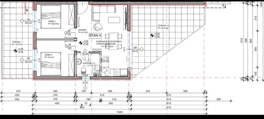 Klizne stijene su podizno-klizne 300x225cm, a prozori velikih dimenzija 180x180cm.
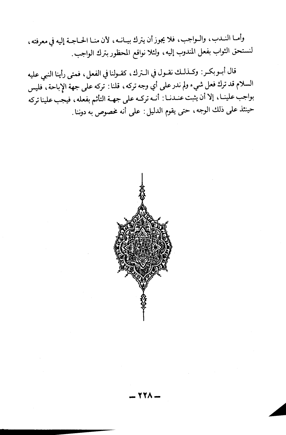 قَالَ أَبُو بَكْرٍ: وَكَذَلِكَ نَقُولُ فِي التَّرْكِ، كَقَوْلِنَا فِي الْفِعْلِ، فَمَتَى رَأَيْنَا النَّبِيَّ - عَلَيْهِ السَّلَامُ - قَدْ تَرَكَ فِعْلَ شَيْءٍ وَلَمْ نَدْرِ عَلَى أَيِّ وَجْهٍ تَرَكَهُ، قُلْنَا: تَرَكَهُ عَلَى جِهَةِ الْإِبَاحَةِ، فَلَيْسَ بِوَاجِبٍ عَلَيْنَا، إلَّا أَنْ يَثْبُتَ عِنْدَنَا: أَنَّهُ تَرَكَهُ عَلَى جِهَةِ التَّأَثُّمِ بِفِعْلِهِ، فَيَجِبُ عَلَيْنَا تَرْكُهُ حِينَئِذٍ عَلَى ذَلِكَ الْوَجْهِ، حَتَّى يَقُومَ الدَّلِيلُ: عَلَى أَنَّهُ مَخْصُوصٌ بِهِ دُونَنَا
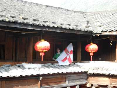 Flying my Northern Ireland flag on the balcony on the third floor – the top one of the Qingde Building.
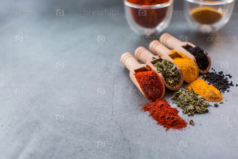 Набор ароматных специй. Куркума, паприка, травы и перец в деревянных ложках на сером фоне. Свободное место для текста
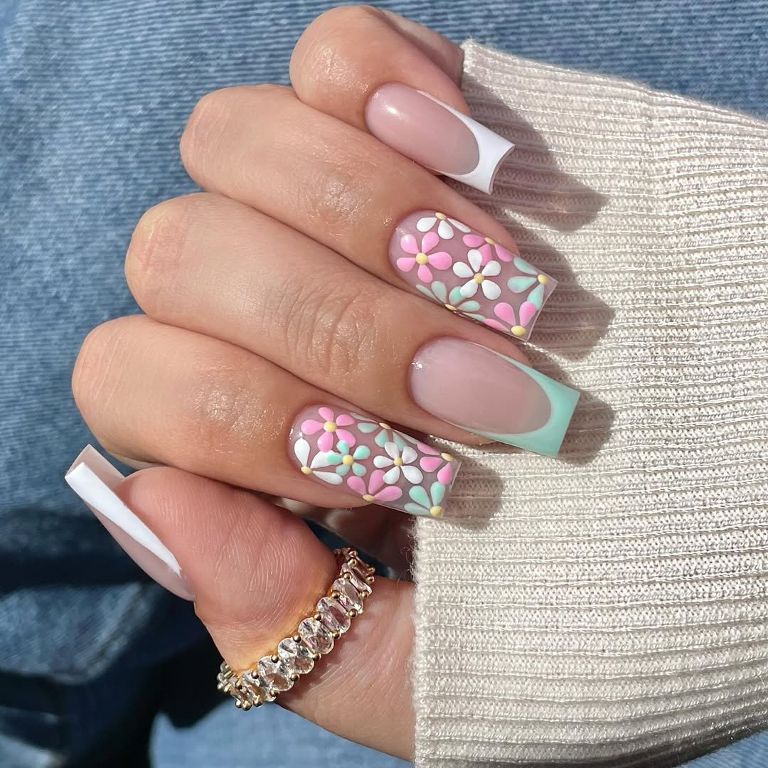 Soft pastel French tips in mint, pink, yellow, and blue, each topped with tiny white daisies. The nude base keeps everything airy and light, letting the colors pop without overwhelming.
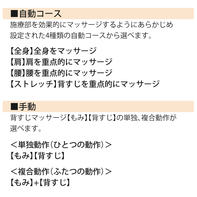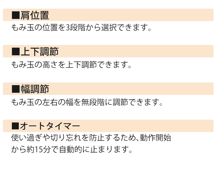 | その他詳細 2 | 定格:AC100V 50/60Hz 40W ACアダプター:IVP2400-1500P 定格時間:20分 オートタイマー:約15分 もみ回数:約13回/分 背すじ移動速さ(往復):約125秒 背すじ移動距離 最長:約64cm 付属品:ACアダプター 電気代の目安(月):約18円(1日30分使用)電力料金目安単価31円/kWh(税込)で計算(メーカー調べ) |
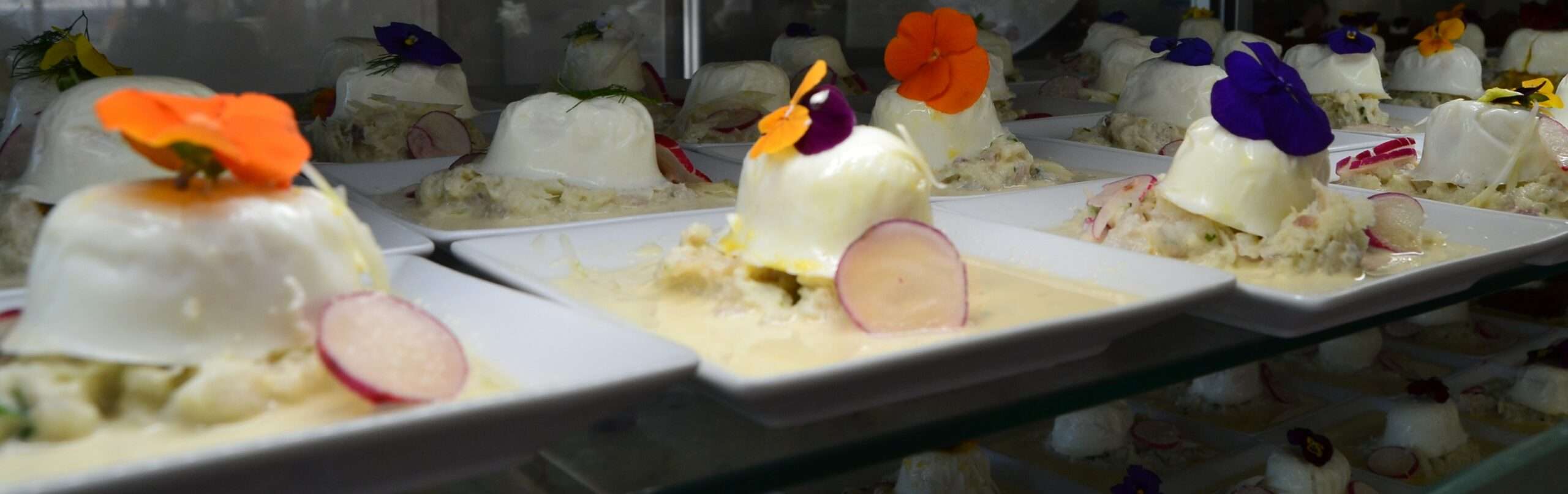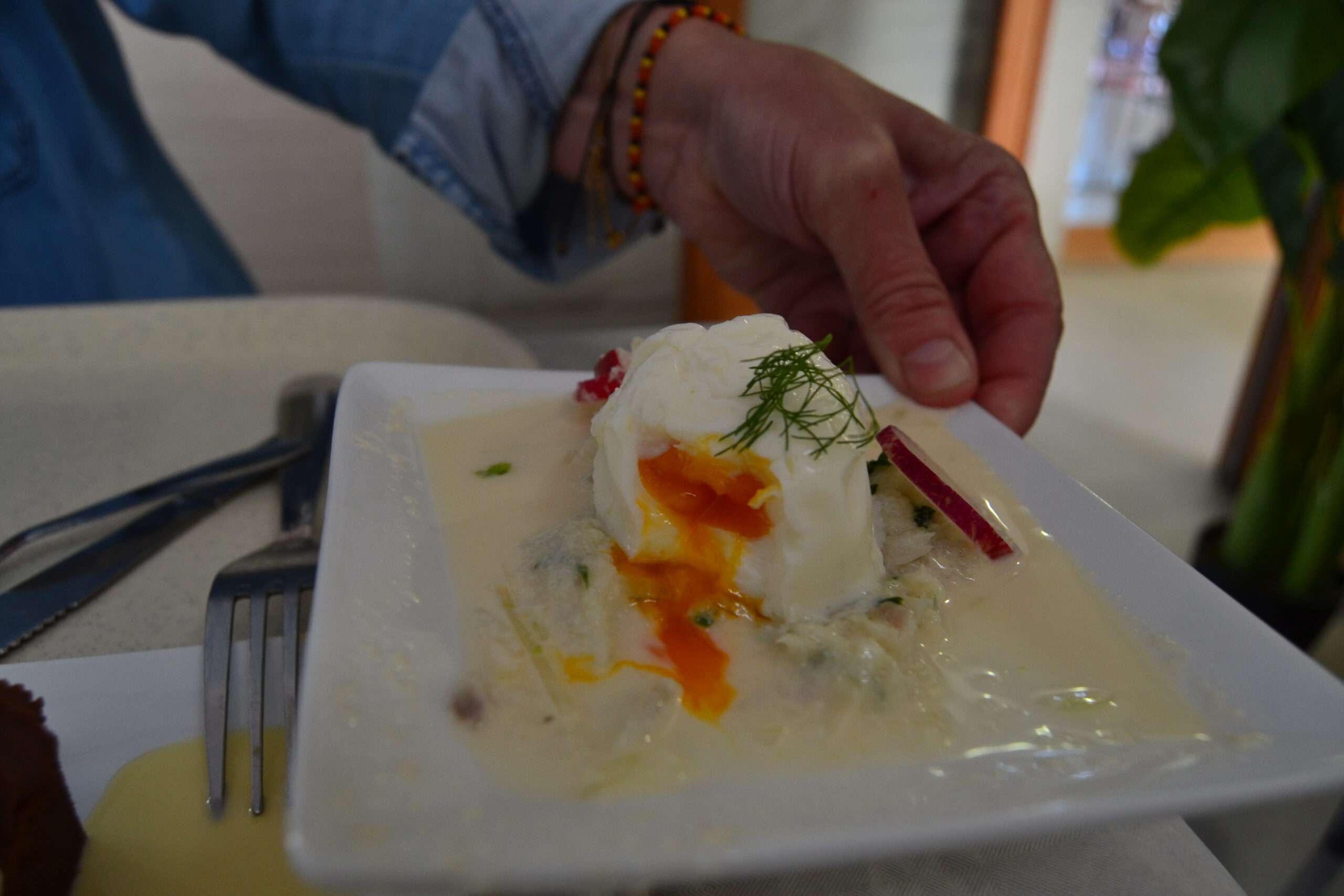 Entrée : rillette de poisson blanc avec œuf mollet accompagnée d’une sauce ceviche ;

WHAT IS BEING ASKED: Leave out every picture, and write out exactly the lines from the one with "Soft pastel French" through the end of the records above, both ends included.

RESULT FOR THIS TASK:
 Soft pastel French tips in mint, pink, yellow, and blue, each topped with tiny white daisies. The nude base keeps everything airy and light, letting the colors pop without overwhelming.
 | その他詳細 2 | 定格:AC100V 50/60Hz 40W ACアダプター:IVP2400-1500P 定格時間:20分 オートタイマー:約15分 もみ回数:約13回/分 背すじ移動速さ(往復):約125秒 背すじ移動距離 最長:約64cm 付属品:ACアダプター 電気代の目安(月):約18円(1日30分使用)電力料金目安単価31円/kWh(税込)で計算(メーカー調べ) |
 Entrée : rillette de poisson blanc avec œuf mollet accompagnée d’une sauce ceviche ;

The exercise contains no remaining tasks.